Digital Signal Processing: A Review Journal, volume 110, pages 102944
Interacting T-S fuzzy particle filter algorithm for transfer probability matrix of adaptive online estimation model
Publication type: Journal Article
Publication date: 2021-03-01
Q2
Q2
SJR: 0.799
CiteScore: 5.3
Impact factor: 2.9
ISSN: 10512004, 10954333
Electrical and Electronic Engineering
Computational Theory and Mathematics
Artificial Intelligence
Applied Mathematics
Signal Processing
Statistics, Probability and Uncertainty
Computer Vision and Pattern Recognition
Abstract
For the problem of inaccurate or difficult to obtain statistical characteristics of non-Gaussian noise, an interacting T-S fuzzy modeling algorithm is proposed to incorporate spatial-temporal information into particle filtering. In the proposed method, feature information is characterized by multiple semantic fuzzy sets, and the model transition probabilities are estimated by using the fuzzy set transition probabilities, which can be derived by the closeness degrees between the fuzzy sets.

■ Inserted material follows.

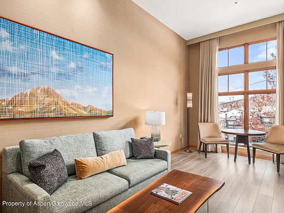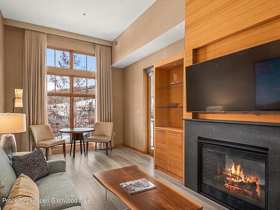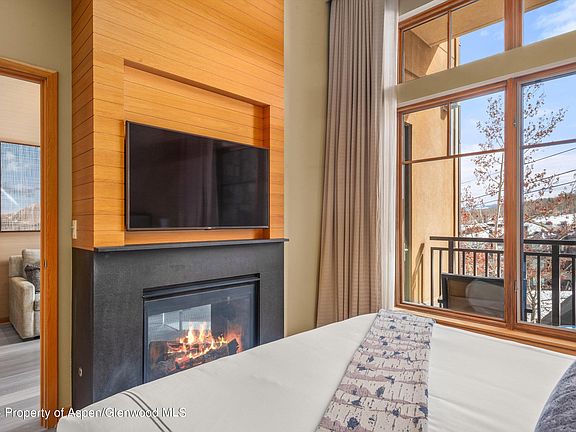 Experience the epitome of mountain luxury in this 1BR/1BA residence at Assay Hill Lodge, Residence 430, boasting a striking 12-foot ceiling and elegant wide plank flooring. Located on the lobby level, this unit provides easy access to the espresso café, concierge service, lounge, and large dining room, ensuring utmost convenience. Cherish the breathtaking slope side and valley views from your private balcony. The home features a streamlined galley kitchen with high-end appliances, a generous bathroom with a luxurious tub, shower, and dual sinks, and a dual-sided fireplace visible from both the bedroom and living room. Additional amenities include a convertible sofa and a multi-purpose dining/work table. As part of Snowmass Village's exclusive 4-star establishment, enjoy a suite of amenities: direct ski access, ski valet & shop, a pool, spa pools, outdoor bar and dining, room service, fitness center, and on site spa.

Furthermore, the correntropy can capture the statistical information to solve the non-Gaussian noise, thus a kernel fuzzy C-regression means (FCRM) based on correntropy and spatial-temporal information is proposed to adaptively identify the premise parameters of T-S fuzzy model, and a modified strong tracking method is used to estimate the consequence parameters. By using the proposed interacting T-S fuzzy model, an efficient importance density function is constructed for the particle filtering algorithm. Finally, the simulation results show that the tracking performance of the proposed algorithm is effective in processing non-Gaussian noise.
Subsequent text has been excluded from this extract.